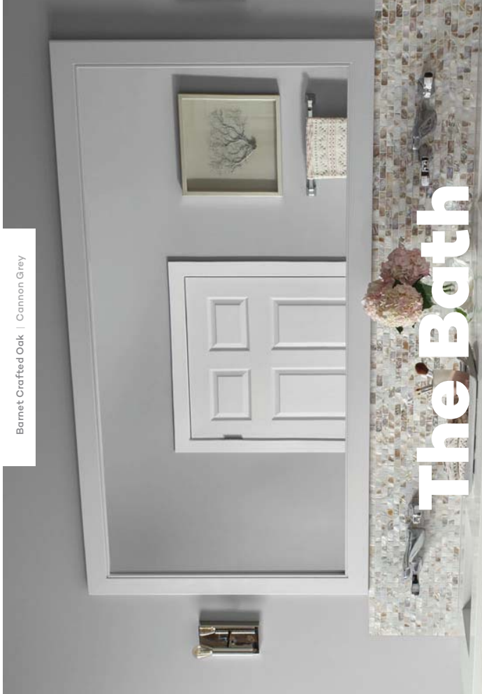
Barnet Crafted Oak | Cannon Grey
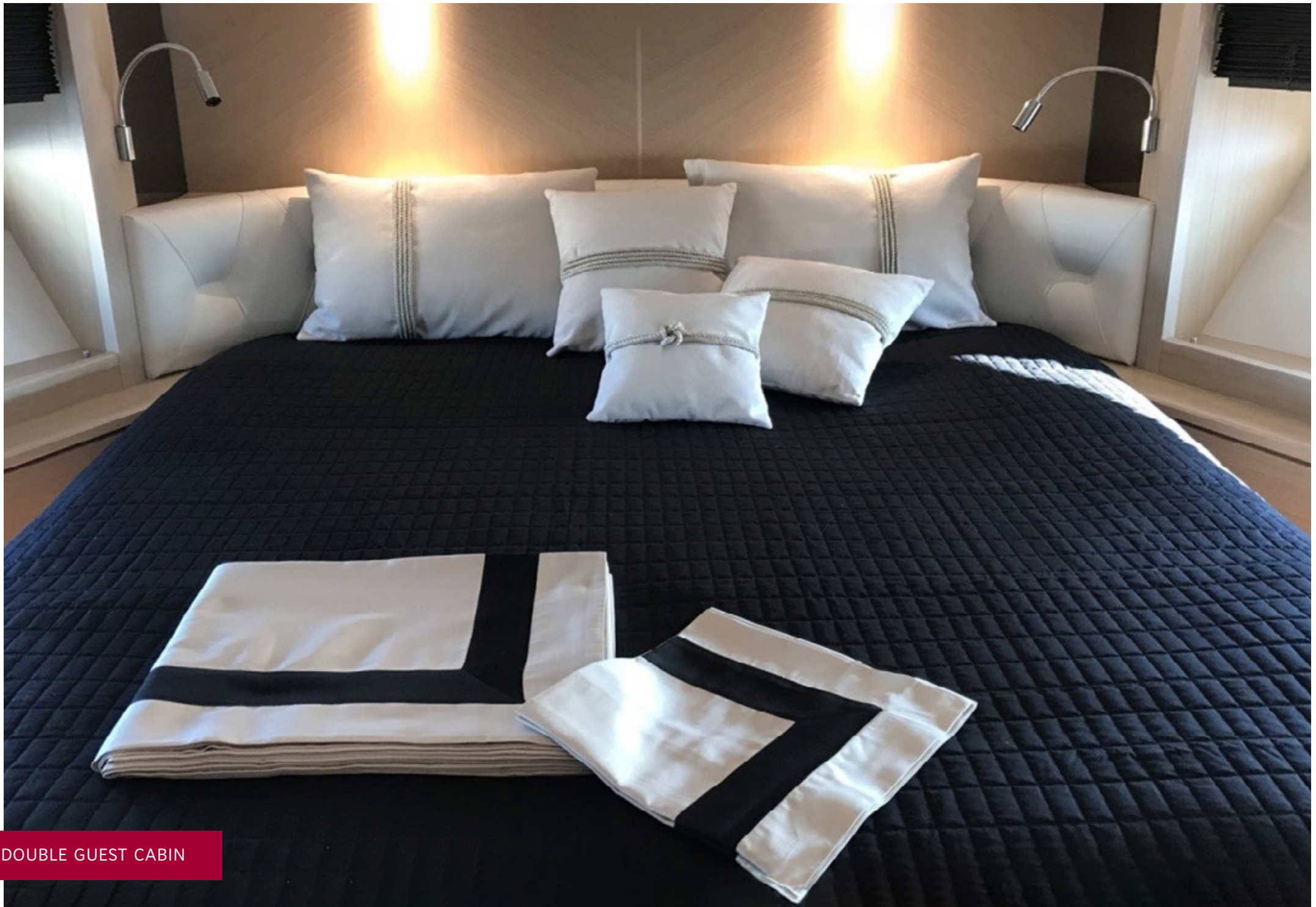
DOUBLE GUEST CABIN
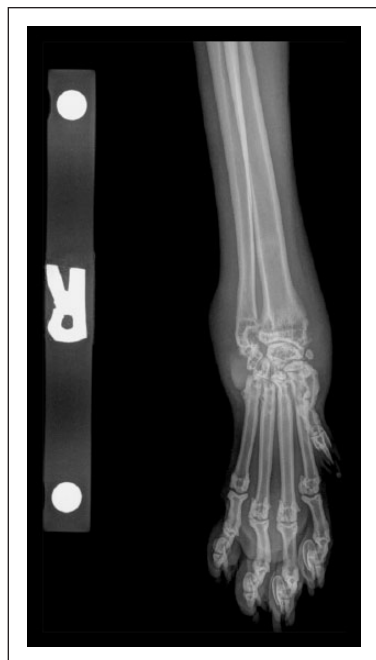
Figure 5 Dorsopalmar radiograph of the right antebrachiocarpal joint of case 4. There is marked soft tissue swelling associated with the antebrachiocarpal joint, as well as a smooth periosteal reaction along the distal radial metaphysis on the medial and lateral aspects. Focal regions of osteolysis are present within the medial aspect of the distal radial epiphysis

positive for M tuberculosis complex, confirmed to be M microti on GenoType MTBC assay (Leeds Teaching Hospitals Trust, Department of Microbiology).
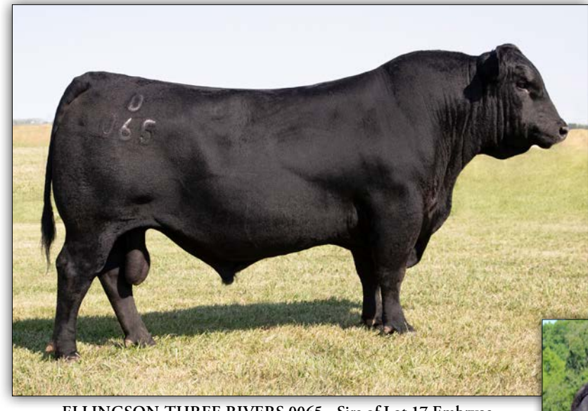
ELLINGSON THREE RIVERS 0065 - Sire of Lot 17 Embryos
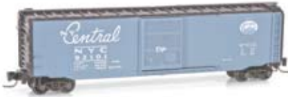
50' Standard Box Car, Single Door New York Central • Rd.# 92101 Item# 505 00 250...$25.85
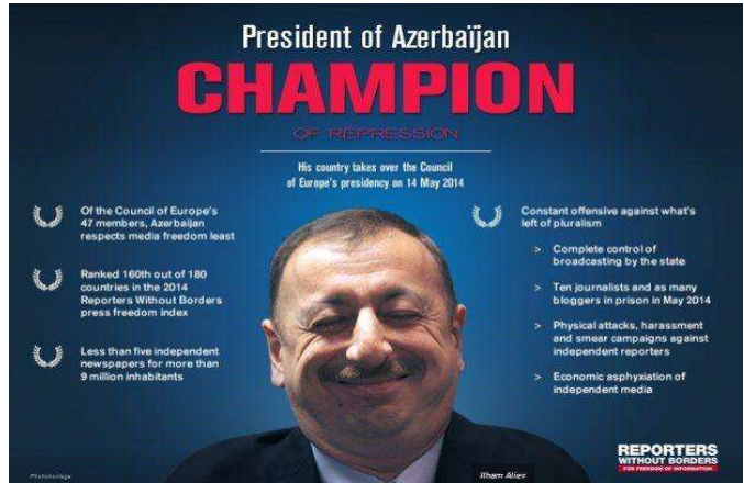
Source: Azerbaijan: hate speech, precarious situation of civil society, violence against LGBT are issues of high concern, says Council of Europe's Anti-racism Commission . Ozer Newspaper.

https://orer.eu/en/allcategories-en-gb/72-hy-am/6198-azerbaijan-hate-speech-precarious-situation-of-civil-society-violence-against-lgbt-are-issues-of-high-concern-says-council-of-europes-anti-racism-commission.html
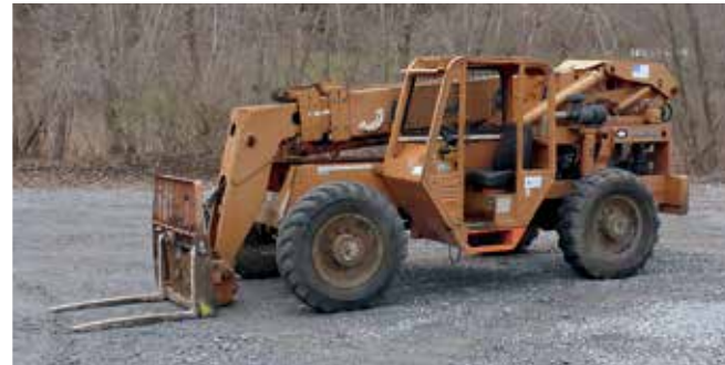
Lull 844C42 Highlander 8000 Lb 4x4x4
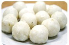
苏东丸 Sotong Ball
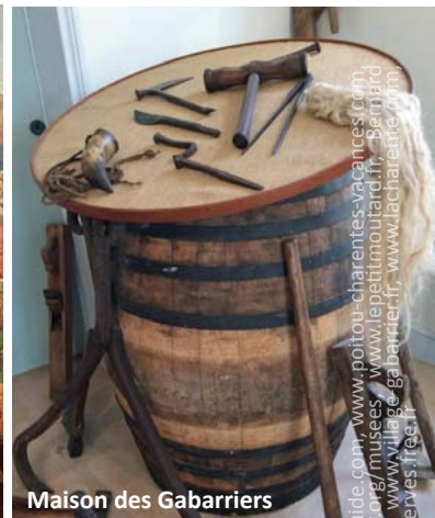
Maison des Gabarriers
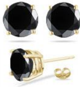
Price:$ 421.44 Black Diamond Studs 2 Ct AAA QUALITY in 14K Yellow Gold(3249)
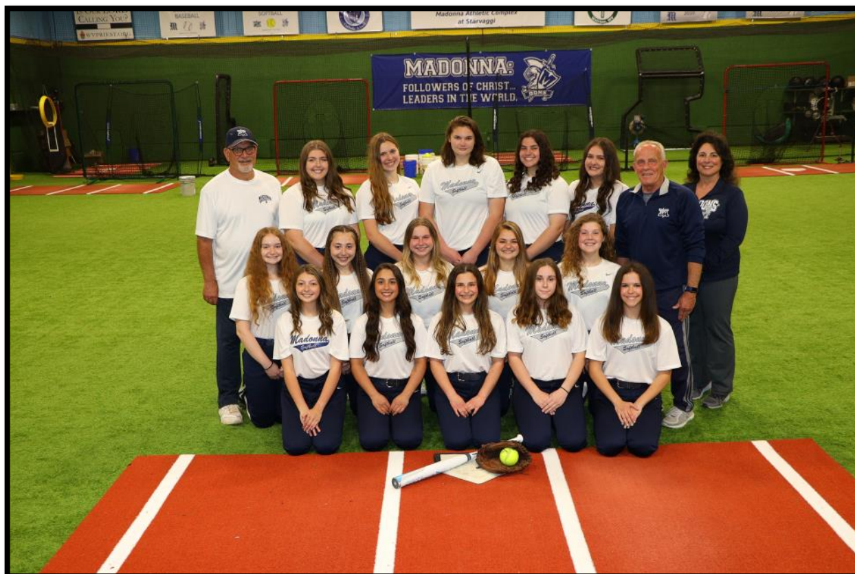
Top: 2021 Softball Team Bottom: Winning the Sectional Title
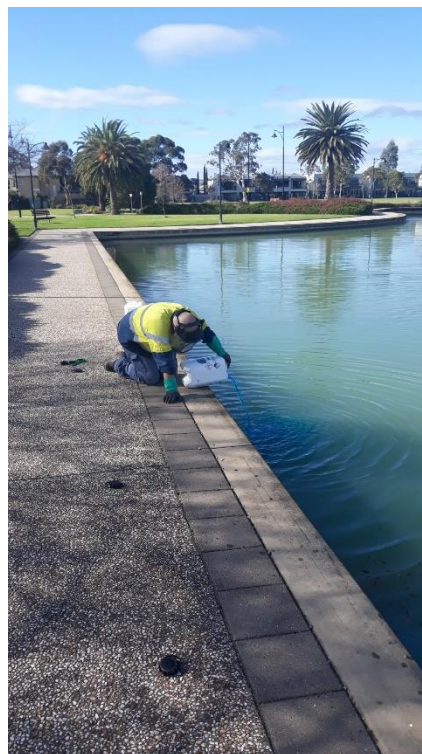
Figure 2: EarthTec Dosing – 15/6/2021
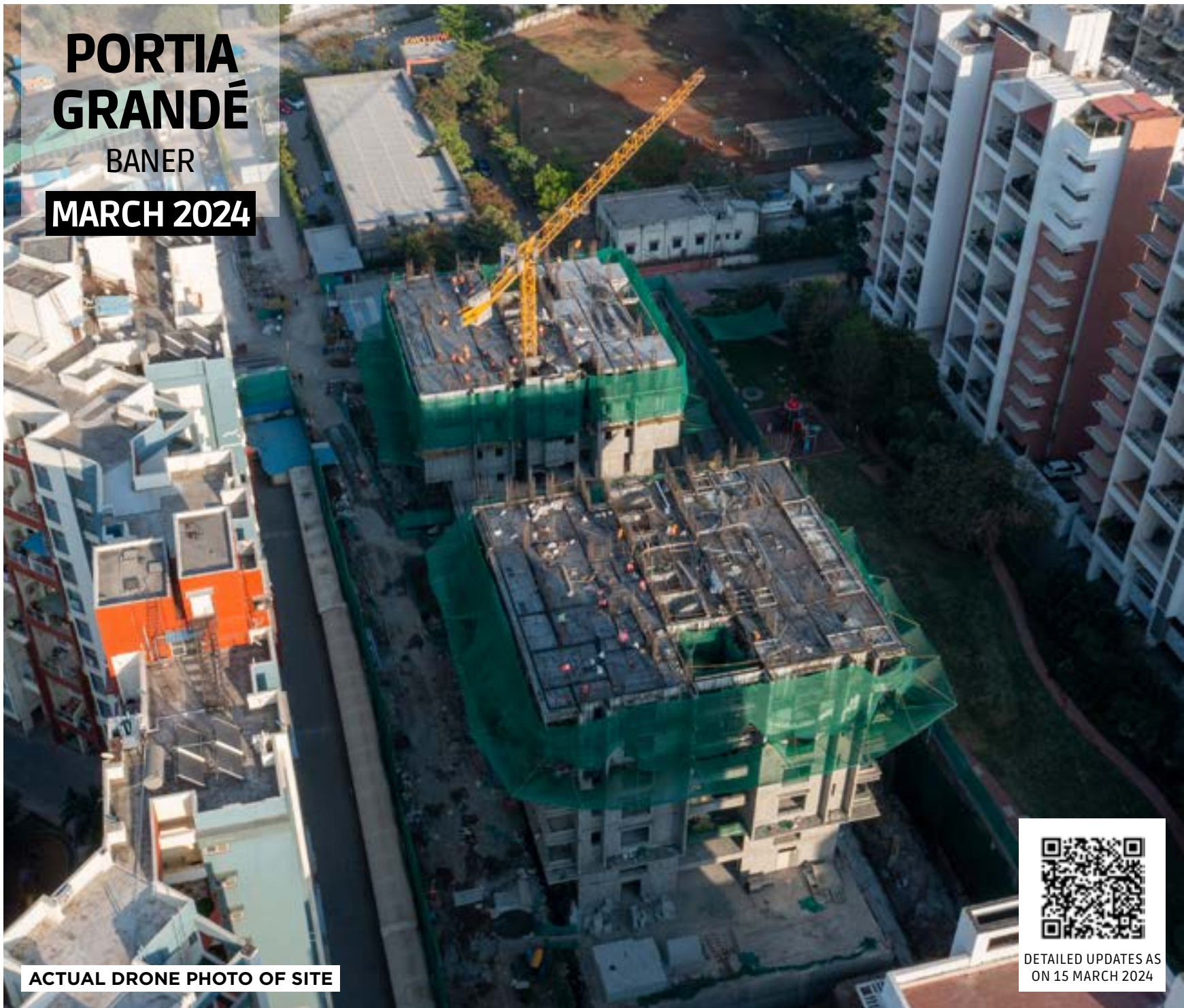
ACTUAL DRONE PHOTO OF SITE
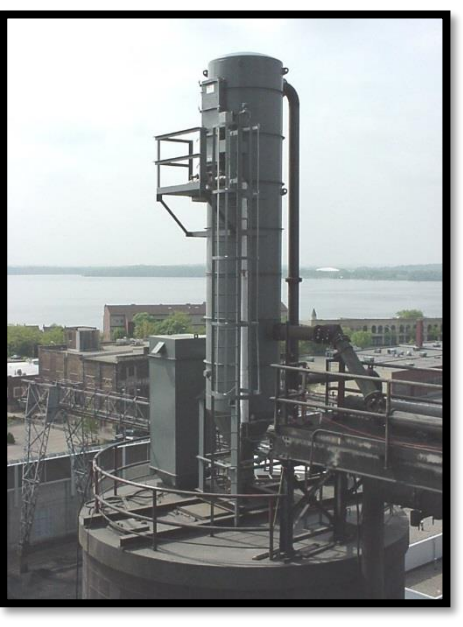
Silo Roof mounted Collector Filter

Vacuum systems can be used to unload railcars and trucks, transfer product from bins, silos, hopper, pulse jet fabric filters, ESP hoppers or any collection point (or pick up point).
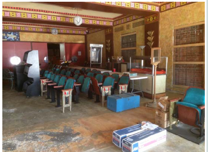
The outer lobby is being used as a temporary storage room while waiting for the restoration to progress.
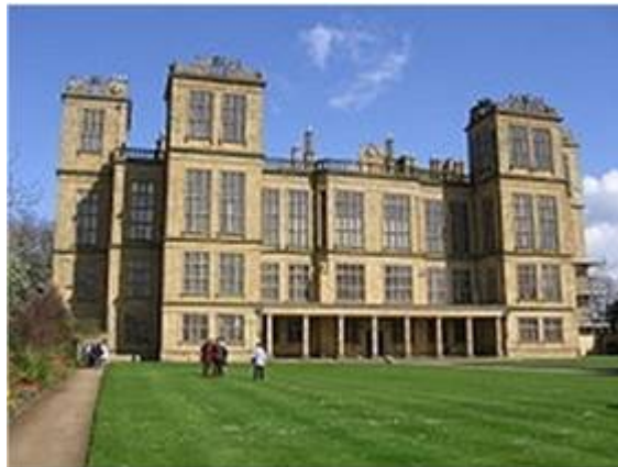
Day at Hardwick Hall in Derbyshire
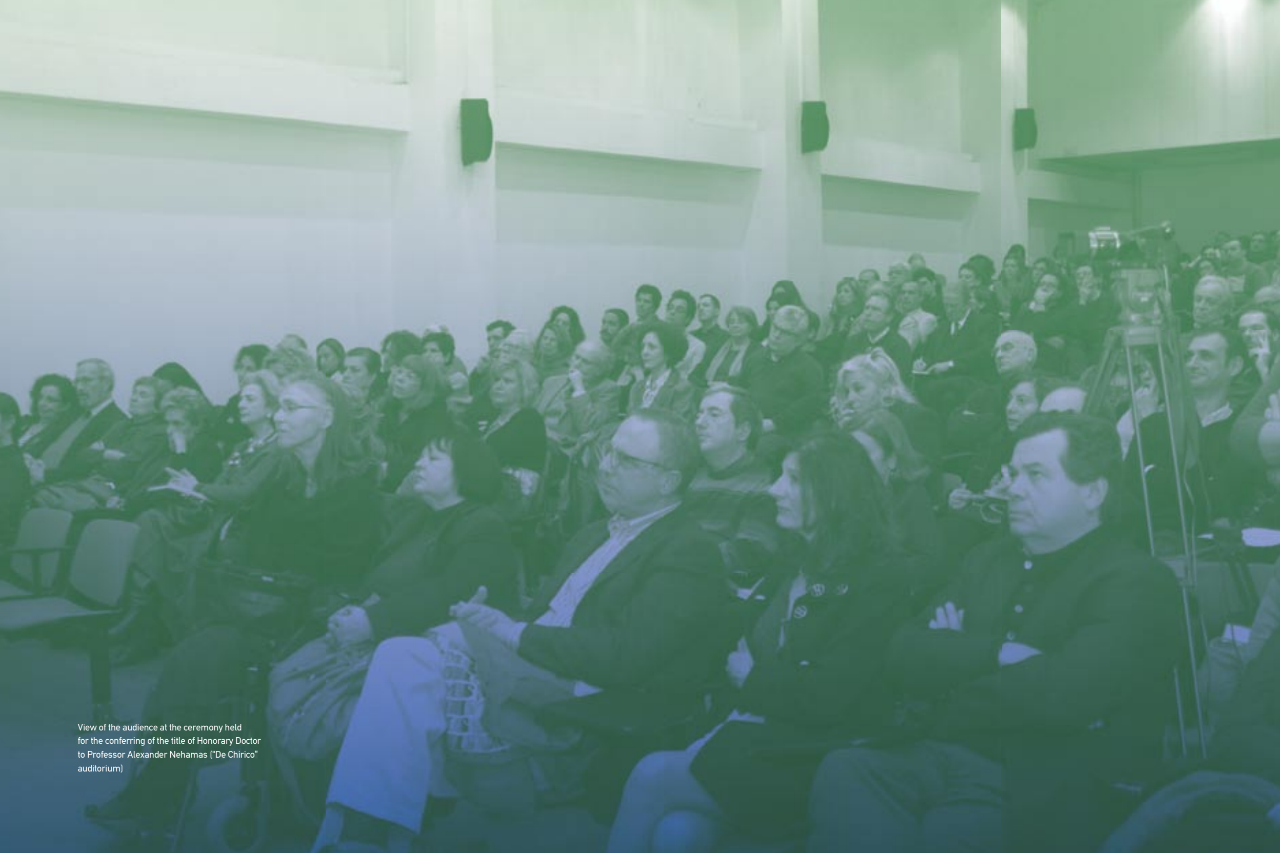
View of the audience at the ceremony held for the conferring of the title of Honorary Doctor to Professor Alexander Nehamas ("De Chirico" auditorium)

PROBLEM: Return, in full, every line of these entries that holds "racism".

WRITTEN ANSWER:
Source: Azerbaijan: hate speech, precarious situation of civil society, violence against LGBT are issues of high concern, says Council of Europe's Anti-racism Commission . Ozer Newspaper.
https://orer.eu/en/allcategories-en-gb/72-hy-am/6198-azerbaijan-hate-speech-precarious-situation-of-civil-society-violence-against-lgbt-are-issues-of-high-concern-says-council-of-europes-anti-racism-commission.html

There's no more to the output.